[YOUR OBJECTIVE]
The records that follow should be copied out exactly, pictures excluded.

[RECORDS TO USE]
——

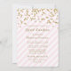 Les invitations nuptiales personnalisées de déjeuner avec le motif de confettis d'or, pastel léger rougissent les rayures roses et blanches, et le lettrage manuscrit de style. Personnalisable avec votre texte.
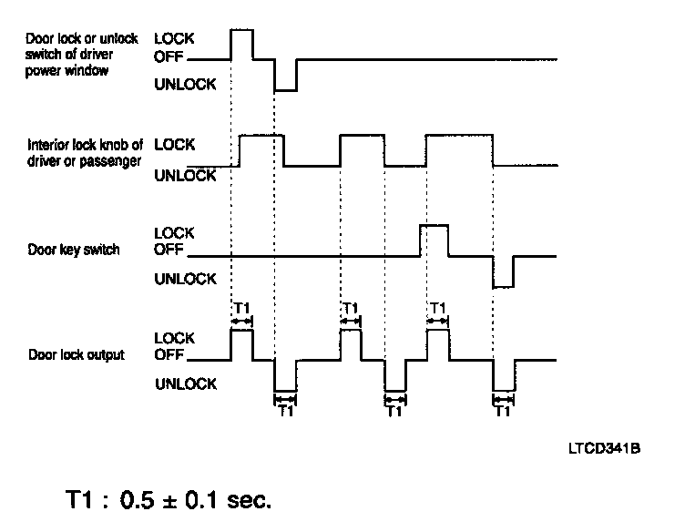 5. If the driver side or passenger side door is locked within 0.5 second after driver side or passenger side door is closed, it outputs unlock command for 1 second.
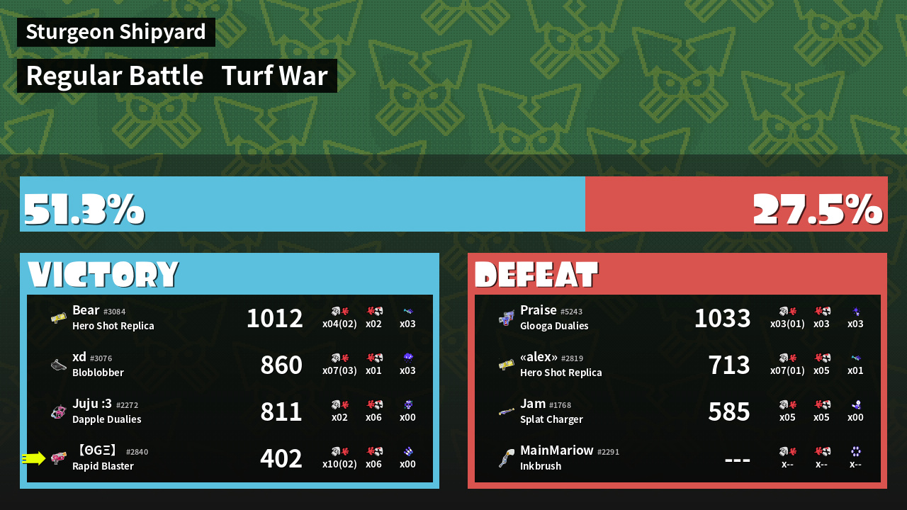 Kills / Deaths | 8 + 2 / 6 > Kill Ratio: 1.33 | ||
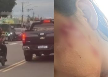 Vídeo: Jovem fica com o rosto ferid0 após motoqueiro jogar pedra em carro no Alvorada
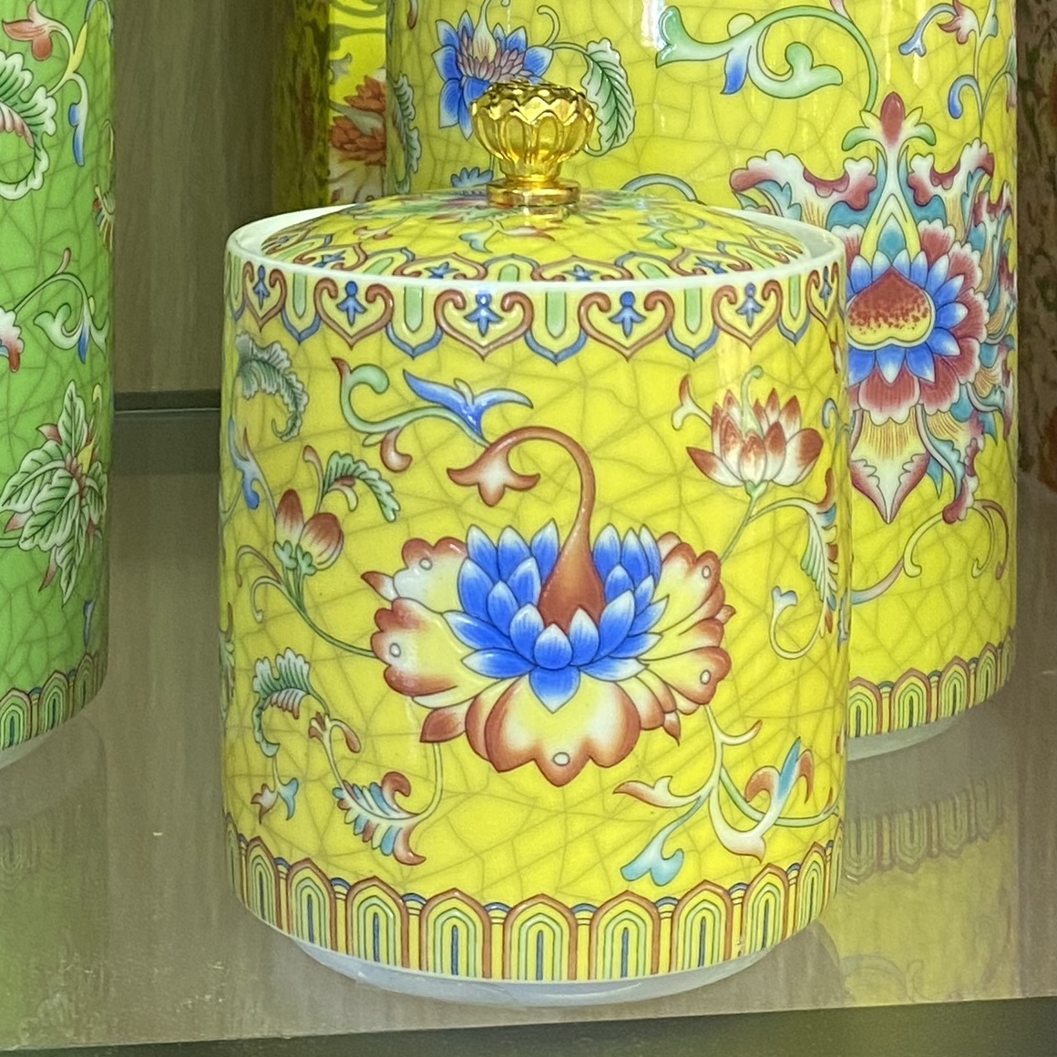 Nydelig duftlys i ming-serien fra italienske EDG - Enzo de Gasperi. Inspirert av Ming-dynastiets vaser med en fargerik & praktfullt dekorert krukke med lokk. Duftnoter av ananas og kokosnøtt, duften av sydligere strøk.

——

[YOUR RESPONSE]
 Les invitations nuptiales personnalisées de déjeuner avec le motif de confettis d'or, pastel léger rougissent les rayures roses et blanches, et le lettrage manuscrit de style. Personnalisable avec votre texte.
 5. If the driver side or passenger side door is locked within 0.5 second after driver side or passenger side door is closed, it outputs unlock command for 1 second.
 Kills / Deaths | 8 + 2 / 6 > Kill Ratio: 1.33 | ||
 Vídeo: Jovem fica com o rosto ferid0 após motoqueiro jogar pedra em carro no Alvorada
 Nydelig duftlys i ming-serien fra italienske EDG - Enzo de Gasperi. Inspirert av Ming-dynastiets vaser med en fargerik & praktfullt dekorert krukke med lokk. Duftnoter av ananas og kokosnøtt, duften av sydligere strøk.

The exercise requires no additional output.